The year I stopped writing apps and started moving data

It was 3 a.m. and the bug made no sense. A user’s shopping cart showed items they’d removed hours ago. The front-end state was correct, the API calls looked fine, but the database told a different story. For weeks, we treated it as a caching issue, a race condition, a client-side glitch. We were wrong. The problem wasn’t in the application code; it was in a silent, failing background job meant to sync inventory from a legacy system.

That was the moment the scales fell from my eyes. We weren't writing an application; we were orchestrating a fragile, poorly understood data ballet. That was the year I stopped thinking of myself as an app developer.

The year I stopped writing apps and started moving data

The Application is a Lens, Not the Center

In my early career, it felt like we spent the vast majority of our time on the top slice of the stack—the part the user touched. The world was defined by UI frameworks and API endpoints. The goal was always the feature, the user story, the visible change on the screen. The database was just a place to put things, a passive byproduct of application logic.

This is a dangerous illusion. The application is just a thin, transient lens for viewing a much more powerful and permanent force: the flow of data through the business. The real complexity wasn't in the button clicks. It was in the replication jobs, the impedance mismatch between data models, and the eventual consistency that was more “eventual” than “consistent.”

Shift from App-Centric to Data-Centric View

This isn't to say every project needs a complex data pipeline from day one. For a simple MVP proving out an idea, a classic monolithic app and database is often the right, pragmatic choice. But the moment a system needs to serve more than one master—an analytics team, a search index, another service—that app-centric model begins to break down.

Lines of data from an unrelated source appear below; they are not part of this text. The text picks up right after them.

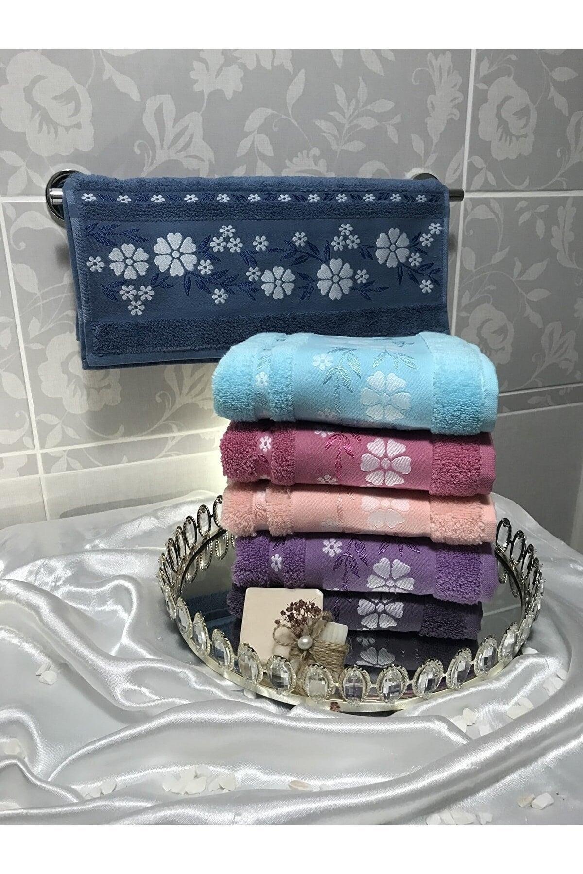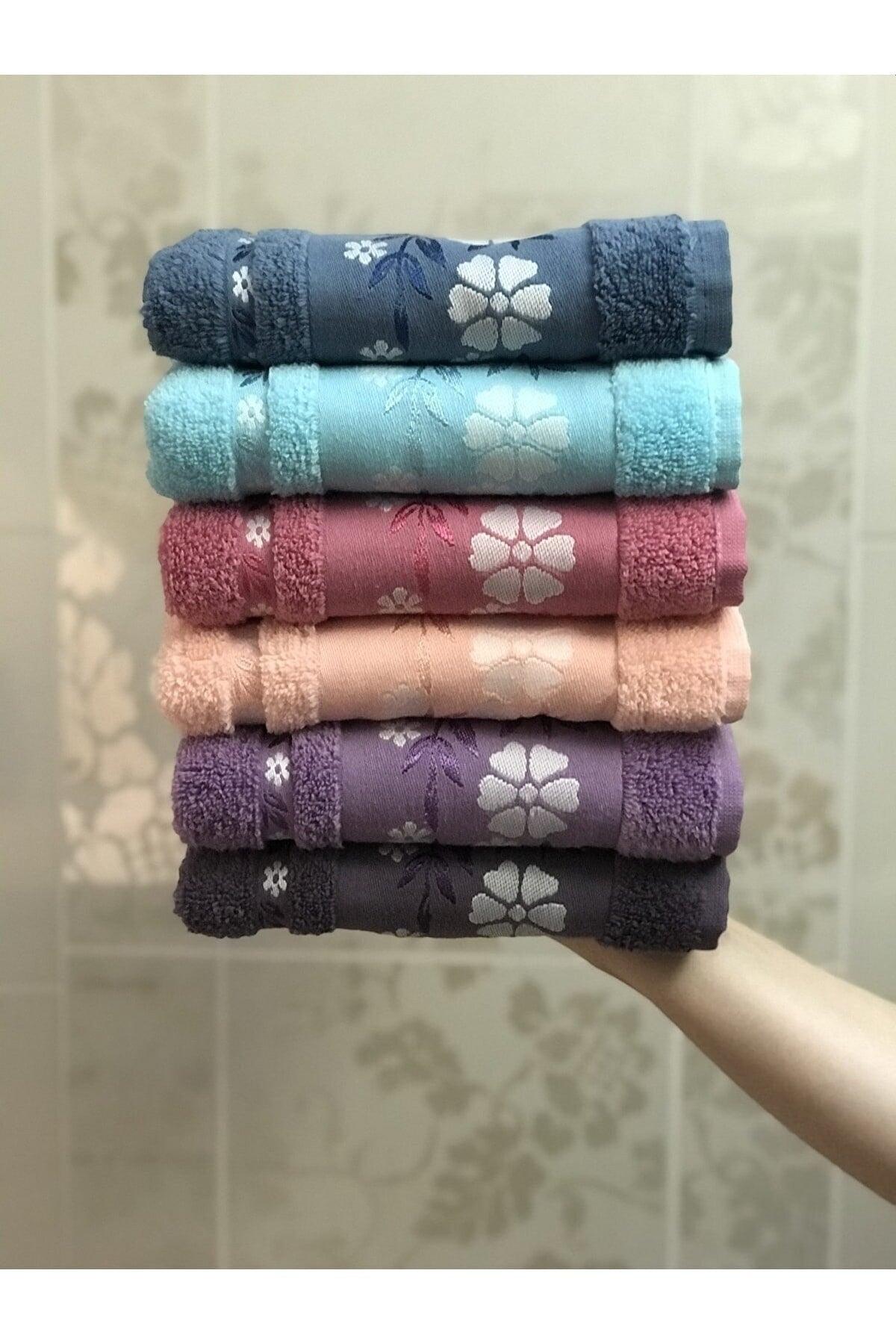Large Floral Patterned 6 Pcs Microcotton Fluffy Hand And Face Towel Set (50*90 Cm)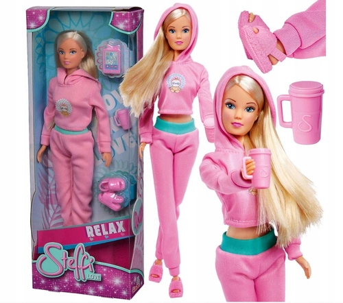 Nasza cudowna lalka Steffi ubrana w różowy dres idzie prosto na siłownię. Każda mała dziewczynka marzy o lalce w blond włosach. Tu ubrana bardzo wygodnie pokaże naszym dzieciom, że ćwiczenia są bardzo ważne. Stefii zabiera ze sobą oczywiście kubek z napojem by ugasić pragnienie po ćwiczeniach lub długim spacerze.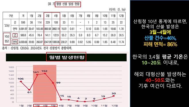 | ▲ 산림청 통계자료들에 의하면 3월과 4월에 산불 피해가 크다. 그러나 이때는 활엽수에 물이 오르는 때이다. |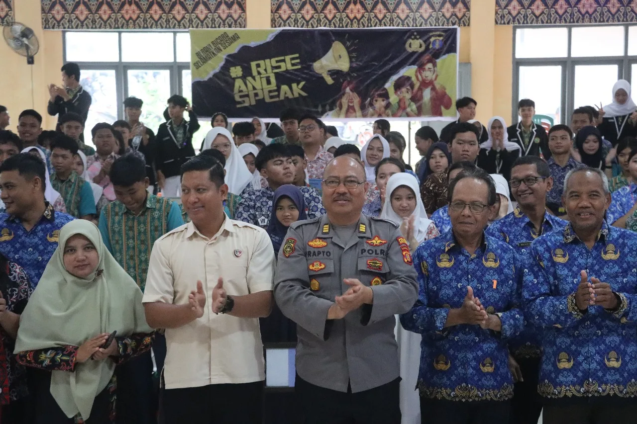 Polres Kutai Barat melalui bagian SDM bersama Unit PPA Satreskrim, Satlantas, Satresnarkoba, dan Polwan melaksanakan kegiatan sosialisasi bertajuk “Rise and Speak” di SMA Negeri 1 Kutai Barat.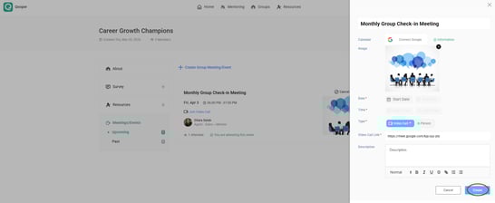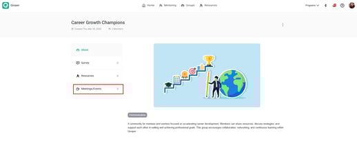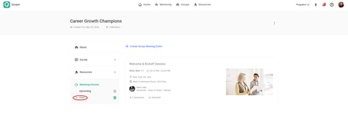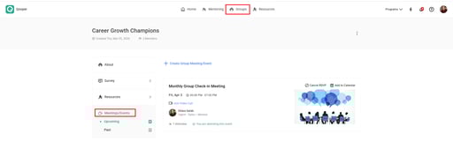 Group meetings must be logged from within the group space, not from individual mentoring connections. The steps are similar to 1:1 meetings but apply at the group level.
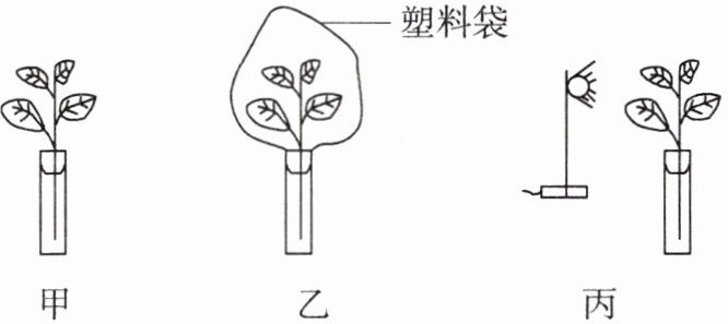 5. 将大小、生长状态一致的植物分成 3 组,甲、乙置于黑暗处,丙进行适宜光照(如图)。水分蒸发量由小到大的排列顺序是(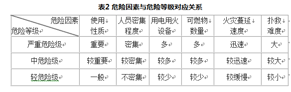 民用建筑大体上可分为公共建筑和居住建筑两大类,在划分危险等级的问题上要比工业建筑复杂,但主要应依据灭火器配置场所的使用性质、人员密集程度、用火用电多少、可燃物数量、火灾蔓延速度、扑救难易程度等因素来划分危险等级。 从使用性质来看:凡使用性质重要,设备与物资贵重的场所,一旦失火社会影响重大,损失严重者系消防重点保护对象,应列入严重危险级;根据2001年11月发布的第61号公安部令第13条及其条文说明,本规范附录D将公安部61号令中界定标准清晰的若干消防安全重点单位的相关场所纳入严重危险级。 从人员密集程度来看:凡人群密集、来往客流众多,且人群有可能聚集、停留一段较长时间的建筑场所,诸如大型商场、超市、网吧、寺庙大殿,以及影剧院、体育馆等歌舞娱乐放映游艺场所,一旦发生火灾,就有可能造成群死群伤的场所,其危险性很大,则应列入严重危险级; 从可燃物数量和用火用电多少来看:凡可燃物数量多、可燃装修多、功能复杂、用火用电多等火险隐患大的场所也应列入严重危险级。 从火灾蔓延速度来看:起火后会迅速蔓延的民用建筑场所,一方面容易引起大火;另一方面,由于火灾蔓延迅速,也会加剧现场人员的恐慌,影响逃生和救援,将会增加人员的伤亡和财产损失,因此应列入严重危险级。 从扑救难度来看:建筑结构和功能复杂的场所,其竖向管井多、隐蔽空间多、火灾蔓延途径也多,起火后扑救难度大;有大量的有毒烟气产生的场所或人群密集的场所,尤其是在地下建筑场所起火时,由于火场混乱,外援困难,也往往会增大扑救火灾的难度;因此应将上述场所划为严重危险级。 同理,按照上述各因素的表现程度的依次降低,可分别定为中危险级和轻危险级场所。 上述因素与危险等级的具体对应关系如表2所示。
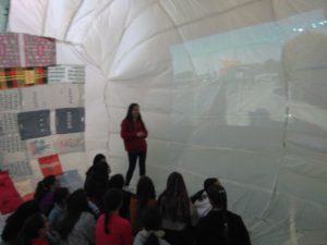 Quelques jours avant la semaine des arts et des sciences, les élèves de 1º, 2º et 4º ESO ont participé à la construction de trois sculptures géantes en assemblant des sacs en plastique. Deux personnages de grande taille et une sorte de petite salle ont ainsi vu le jour. Grâce à des ventilateurs, ces structures se gonflaient d’air et prenaient forme. Ainsi, le public a pu pénétrer dans la salle afin de visionner une projection en relation avec des sculptures gonflables utilisées dans deux expositions d’art à Paris. La vidéo abordait aussi le thème de la publicité gonflable dans le monde d’aujourd’hui. En parallèle, les élèves-visiteurs ont fabriqué eux-mêmes de petites sculptures en plastique qu’ils ont pu animer en les gonflant d’air avec un sèche-cheveux.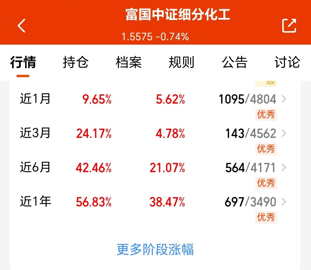 市场近期调整,涨跌同源。我布局的化工板块连涨6周、涨幅超25%,从底部回升近1年涨幅超58%,赚钱效应还可以。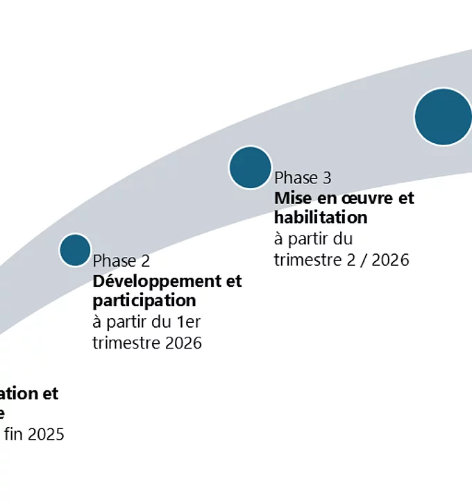 Phase 1 – Orientation et analyse (jusqu'à fin 2025): Nous analysons nos forces, nos faiblesses, nos opportunités et nos risques. Nous définissons des processus de bout en bout, les examinons et vérifions notre organisation. De cette manière, nous construisons des fondations solides.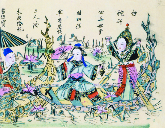 在“白蛇传说”中,小青形象经历了由最初的各种精灵鬼怪到明末冯梦龙拟话本的青鱼精再到最终定型为青蛇精的变化。图为根据白蛇故事创作的朱仙镇年画(局部)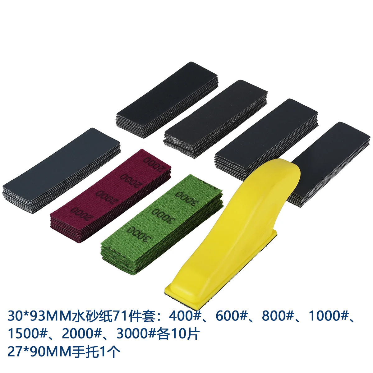 30*93MM水砂纸71件套:400#、600#、800#、1000#、1500#、2000#、3000#各10片+27*90MM手托1个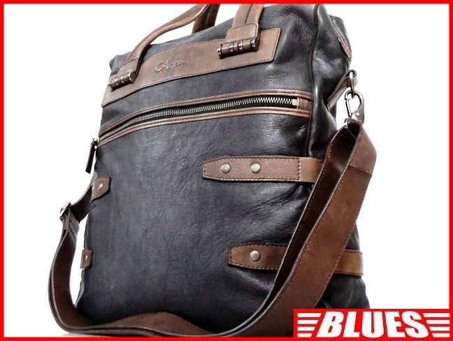 > 即決★Cole Haan★オールレザーショルダーバッグ コールハーン メンズ 紺 茶 本革 かばん 本皮 カバン 鞄 トラベル レディース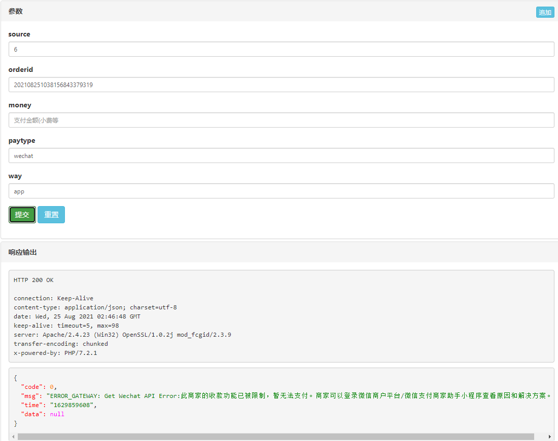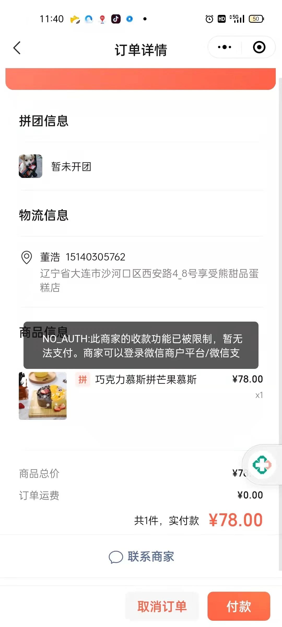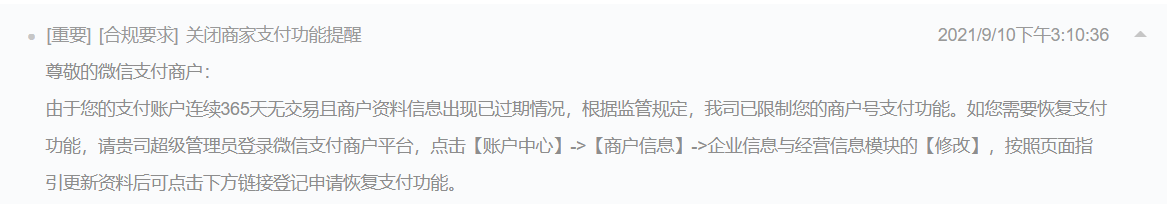 2025-01-06 15:32:43==>INFO :此商家的收款功能已被限制,暂无法支付。商家可登录微信商户平台/微信支付商家助手小程序/经营账户页面查看原因和解决方案。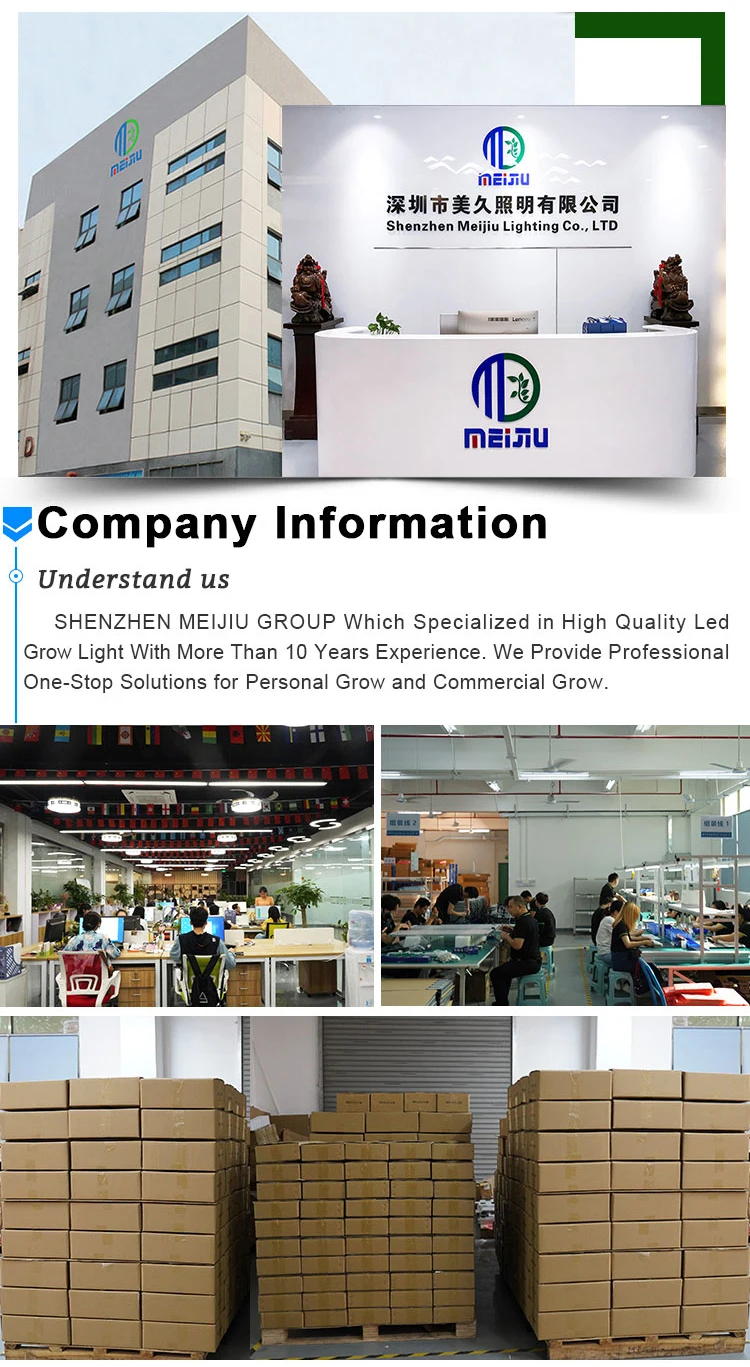 Shenzhen Meijiu lighting Co., Ltd established in 2010, is specializing in the production and sales of a wide range of led grow lights which provide one-stop service solutions. Our Main Products include led grow light, grow tent, Filter, Fans, Temperature and humidity detector, Planted barrels, and so on, our grow lights passed ETL, CE FCC certificate. Our products are popular in more than 200 countries such as North America and South America, and we are well known by many growers. Meijiu lighting own the professional engineers team, purchasing teams and sales team to supply you with better service, better quality and competitive prices.

Data Has Gravity and Truth Has Latency

The first major data migration I led cemented this new perspective. We had to move a monolithic customer database to a new set of services. The easy part was writing the new service code. The brutally hard part was moving five years of transaction history for millions of users, with zero downtime, while the old system was still taking live writes.

This is where you stop thinking about code and start thinking about physics. As Pat Helland articulated years ago in his foundational paper Data on the Outside versus Data on the Inside, data shared between systems has different rules than the ephemeral data inside a service. This "outside" data has gravity. It pulls services and processing toward it. We couldn’t just “move” it; we had to build dual-write systems, reconciliation jobs, and verification pipelines to prove that two different systems agreed on the definition of reality.

These aren't application problems; they are systems architecture problems where data is the primary citizen. Success is when nothing appears to happen. The work is in building deterministic automation that is boring, reliable, and correct.

From State to a Log of Facts

The next evolution was to stop thinking about data as mutable state and start seeing it as an immutable stream of events. A user’s address isn't just a string in a database; it’s the result of a series of "AddressUpdated" events. This shift turns the database from a snapshot of the present into a replayable, durable log of everything that has ever happened.

This is the core idea behind what Jay Kreps, a creator of Apache Kafka, calls The Log. The event stream becomes the single source of truth, decoupling producers from consumers. Of course, the demos never show the failure modes. I once spent a week debugging a production system where a downstream analytics consumer kept failing because our team added a new, supposedly optional field to an event schema. The consumer’s brittle parser choked on it, halting a critical business report. It was a painful lesson: data contracts are APIs, and they must be treated with the same rigor.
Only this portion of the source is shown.